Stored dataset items
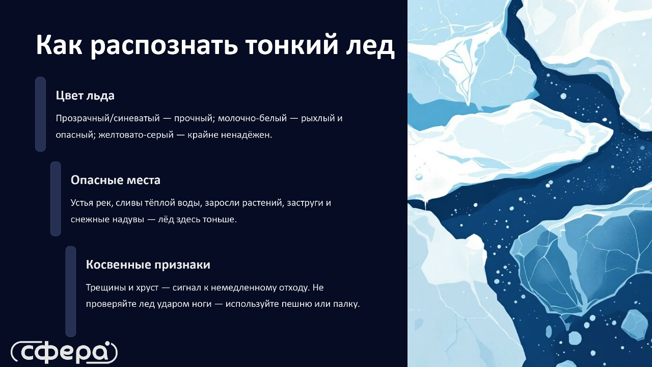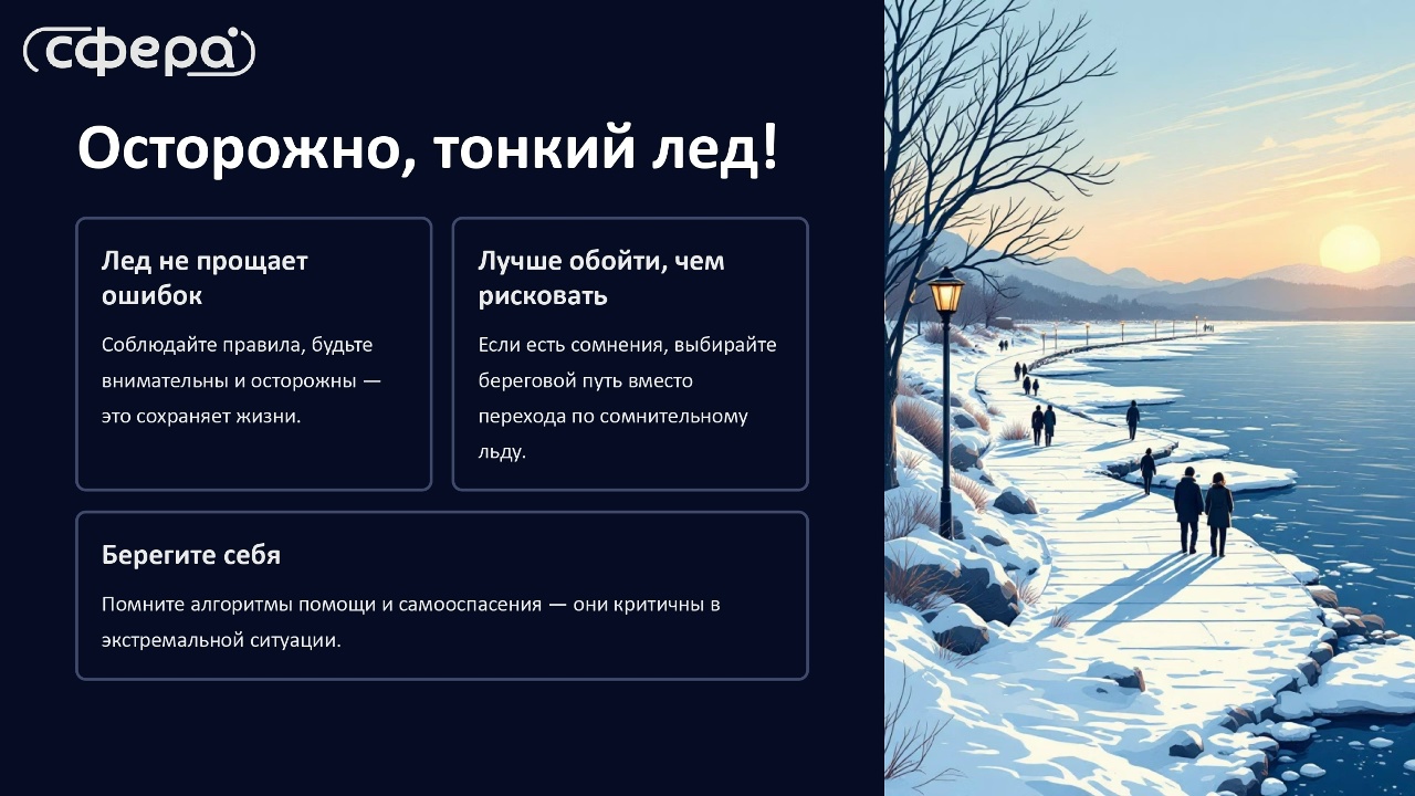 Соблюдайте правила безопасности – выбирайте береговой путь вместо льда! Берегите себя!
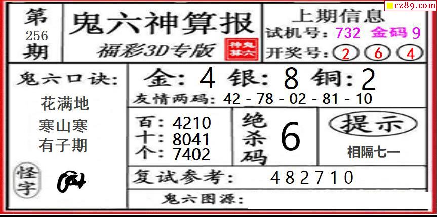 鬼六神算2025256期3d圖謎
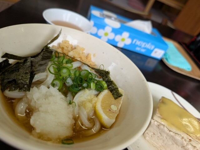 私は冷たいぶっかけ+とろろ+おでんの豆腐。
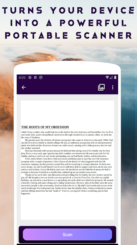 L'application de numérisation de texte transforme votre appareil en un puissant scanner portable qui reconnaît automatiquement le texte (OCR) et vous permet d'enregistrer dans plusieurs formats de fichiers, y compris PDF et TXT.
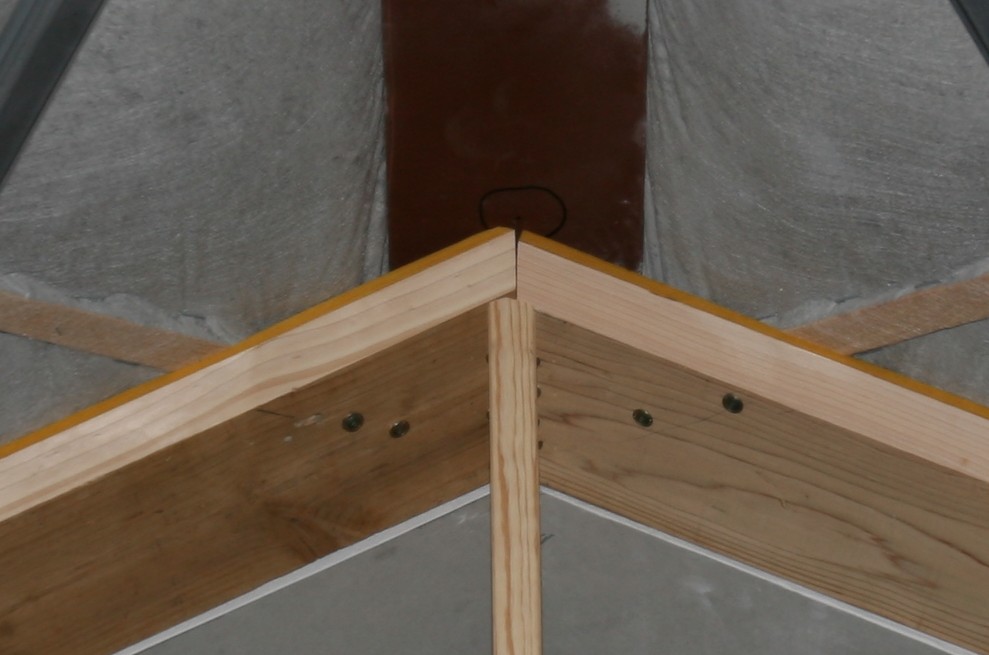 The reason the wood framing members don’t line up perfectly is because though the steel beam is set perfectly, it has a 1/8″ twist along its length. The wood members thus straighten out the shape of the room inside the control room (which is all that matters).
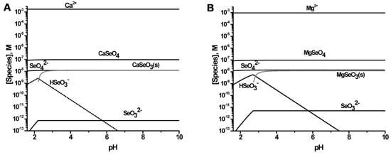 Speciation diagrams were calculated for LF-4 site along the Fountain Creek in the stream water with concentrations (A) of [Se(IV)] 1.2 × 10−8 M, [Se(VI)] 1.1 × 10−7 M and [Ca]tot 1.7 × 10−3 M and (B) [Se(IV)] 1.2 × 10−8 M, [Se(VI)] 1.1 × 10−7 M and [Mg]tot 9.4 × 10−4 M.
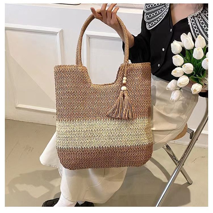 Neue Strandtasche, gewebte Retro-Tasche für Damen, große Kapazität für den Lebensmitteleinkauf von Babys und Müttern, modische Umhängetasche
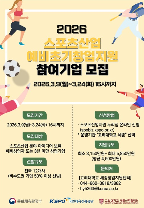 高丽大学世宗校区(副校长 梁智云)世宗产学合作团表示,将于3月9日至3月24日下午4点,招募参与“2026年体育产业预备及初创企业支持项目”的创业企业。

# ACTION ITEM:
From the first line of the entries above down to the line holding "The reason the", quote each line exactly and nothing else, skipping pictures.

# EXERCISE ANSWER:
 Соблюдайте правила безопасности – выбирайте береговой путь вместо льда! Берегите себя!
 鬼六神算2025256期3d圖謎
 私は冷たいぶっかけ+とろろ+おでんの豆腐。
 L'application de numérisation de texte transforme votre appareil en un puissant scanner portable qui reconnaît automatiquement le texte (OCR) et vous permet d'enregistrer dans plusieurs formats de fichiers, y compris PDF et TXT.
 The reason the wood framing members don’t line up perfectly is because though the steel beam is set perfectly, it has a 1/8″ twist along its length. The wood members thus straighten out the shape of the room inside the control room (which is all that matters).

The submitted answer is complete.